Going Public: A Conversation on Gender Identity
He, she, him and her are commonly used pronouns to identify people who are male or female. But what about those who don’t identify with those binary pronouns? Today we’re exploring that question with Rane Belling, the president of the campus organization PRIDE at Southeast. Belling is transgender non-binary and uses the pronouns “they and them.”
On what it means to be transgender
A lot of people have kind of the wrong idea of what it means to be transgender, because it's been commonly understood that that means that you're going to completely transition to the opposite gender or sex. But it's actually an umbrella term for someone who was born a specific sex and does not have that aligned gender identity. So that's when we kind of talk about cisgender. Those are people that were born female and also identify as a woman. People that were born male and also identify as a man. And those are common experiences that people have. So being trans is anything outside of being cisgender.
On how Belling discovered they own identity
Honestly, when I came to college it was definitely a time of discovery. I mean when people say you know 'college is the time that you find who you are,' that's like 100 percent true. Honestly, it was just like a very slow journey for me at first. It started with just like cutting my hair and kind of experimenting with my clothes. It really wasn't until I researched different gender identities that I even thought 'hey maybe I could be trans.' You know it wasn't--a lot of trans people have that experience of they know at a very young age you know I am trans. But for me it was more of a slow learning process for me. So there wasn't like a light bulb one day. And I slowly kind of came out as gender-fluid. And then I started using different pronouns and finally it just kind of I don't know it just kind of all came together. And I came out with a different name about a year ago. So Rane is actually my chosen name. I mean I chose my name. And once I did that that was kind of the moment when I was like 'oh this is this is something bigger than I even thought that it was. And once I started talking to people and that was honestly like the biggest learning process that I had was just sharing with people on how I felt and like really talking through that.
On the link between pronouns and identity
So it's something that people don't think about a lot of times. You know, until you change your pronouns you don't even think twice about it. But someone who identifies as cisgender, which is someone who was and I think we're going to get into this a little about sex and gender, but someone who was born a female and also identifies as a woman. You know naturally use "she, her" pronouns. That's just something that we're taught. And it's kind of just something that is in our everyday language. And someone who is born male--identifies as a man uses "he, him" [pronouns]. And it's a new concept to use "they, them" pronouns. But that's more of a neutral term that people are starting to use for kind of the gender neutral term to use. And those are the pronouns that I use. And I did explore with "he, him" pronouns. I thought hey maybe that would be right for me. And so, I kind of had a couple of people I shared that with them and asked if they would use those pronouns. And actually an article came out and someone used "he, him" pronouns for me throughout the entire article. And that was the moment I realized that that's not right for me, but "she, her" feels just as wrong. So that's kind of when I really discovered "they, them" feels right to me.

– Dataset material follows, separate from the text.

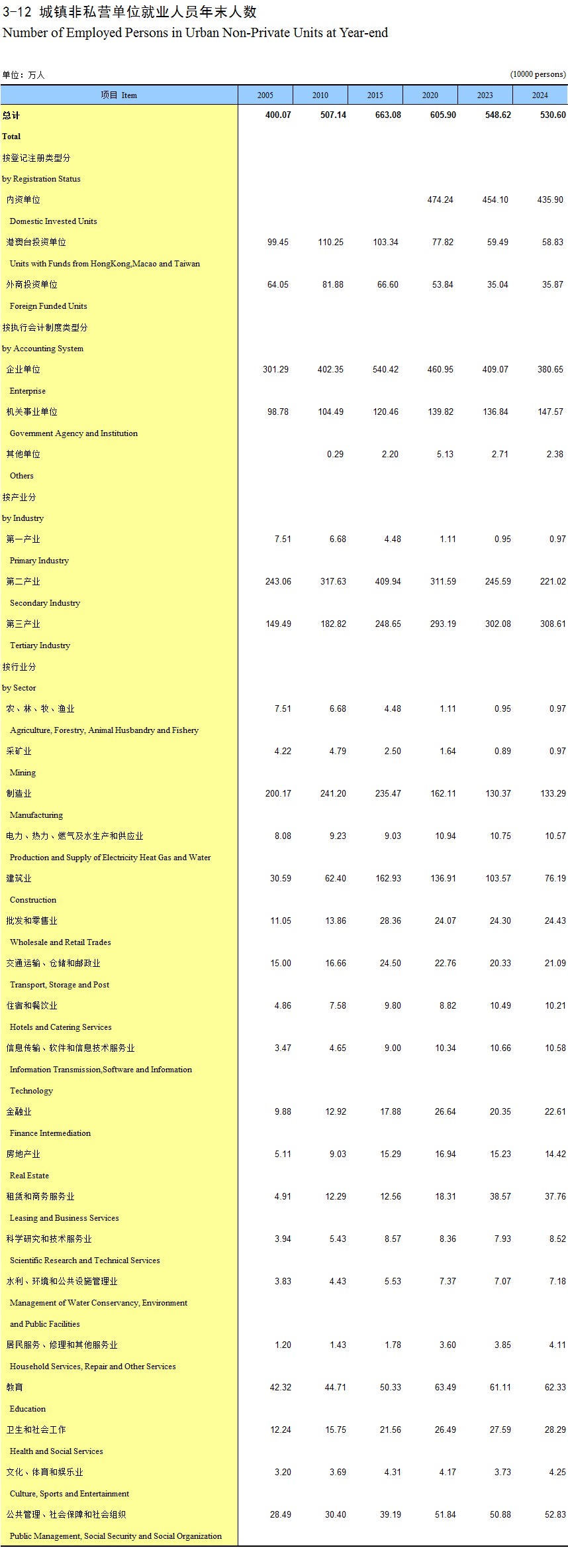 3-12 城镇非私营单位就业人员年末人数

On the challenges of having a binary gender identity system
When we're younger we're taught right away. This is a boy. This is a girl. This is where you go to the bathroom. This is where they go to the bathroom...and it's hard to get people to think outside of those binaries. You know and to challenge people to think on a spectrum, rather than these two boxes: pink or blue.
The best way that I have found to get people to kind of think outside [the box] is to just share who I am with them, and try to have them empathize with me. Honestly, sharing our experience is the only way we can learn from each other.